‘1st pair of 700 MW nuke plants at Kankarapar to be ready by 2016’
February 18, 2010
‘1st pair of 700 MW nuke plants at Kankarapar to be ready by 2016’
Mumbai, 18 February, 2010
India’s first set of indigenous 700 MW Pressurised Heavy Water Reactors, would be a reality in the next six years, as the excavation work at Kakrapar in Gujarat has already begun, S K Jain, Chairman and Managing Director of NPCIL said.
The Centre had last October given a financial sanction of Rs 24,000 crore for four units of 700 MW of PHWRs, two each at Kakrapar and Rawatbhata in Rajashtan, he said.
“We will begin the first ‘pour of concrete’ next month in Kakrapar and in Rajasthan power project site for reactor raft and wish to finish the construction of the plants within five years from that day,” Jain said at the 22nd annual Heavy Water Day here yesterday.
“Since the Centre has given financial sanction for these four, we will be completing the procurement order of all components by September this year,” he said.
India is planning a major expansion of its nuclear power-generating capacity, which is currently 4,700 MW from 18 reactors, to meet rapidly increasing energy demands. During this period, India plans to add eight to 10 pressurized heavy water reactors (PHWRs) of 700 MW each fuelled by natural uranium, several fast-breeder reactors (FBRs) fueled by plutonium-based fuel, as well as an advanced heavy-water reactor (AHWR) based on thorium fuel. All of these reactors would be indigenously designed.
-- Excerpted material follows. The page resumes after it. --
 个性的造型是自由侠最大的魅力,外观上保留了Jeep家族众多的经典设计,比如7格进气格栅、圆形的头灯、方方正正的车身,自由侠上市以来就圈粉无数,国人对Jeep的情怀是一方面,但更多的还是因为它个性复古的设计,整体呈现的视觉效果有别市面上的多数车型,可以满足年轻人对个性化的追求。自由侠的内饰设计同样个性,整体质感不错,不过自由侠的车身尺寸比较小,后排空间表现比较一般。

In addition, the country will develop light-water reactors (LWRs), each with a capacity of 1,000 to 1,650 MW, in technical collaboration with foreign vendors. The LWRs will be set up in nuclear parks on the coastal regions of Andhra Pradesh, Gujarat, Maharashtra, Tamil Nadu, and West Bengal. Stable underground geological sites are being identified for long-term storage of nuclear waste.
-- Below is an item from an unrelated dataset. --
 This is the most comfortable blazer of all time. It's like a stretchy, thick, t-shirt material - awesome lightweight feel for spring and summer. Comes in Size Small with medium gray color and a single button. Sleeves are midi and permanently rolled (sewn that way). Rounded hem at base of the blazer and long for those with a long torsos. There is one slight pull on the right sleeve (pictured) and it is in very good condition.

Although the country is pursuing an ambitious target of 60,000 MW of installed nuclear power generation capacity by 2035, its established reserves of uranium can accommodate an expansion of up to only 10,000 MW. According to Jagdeep Ghai, the finance director of state-owned Nuclear Power Corporation of India Limited (NPCIL) (Mumbai), India’s requirement for uranium would increase 10-fold by 2020 amounting to 8,000 tons per year.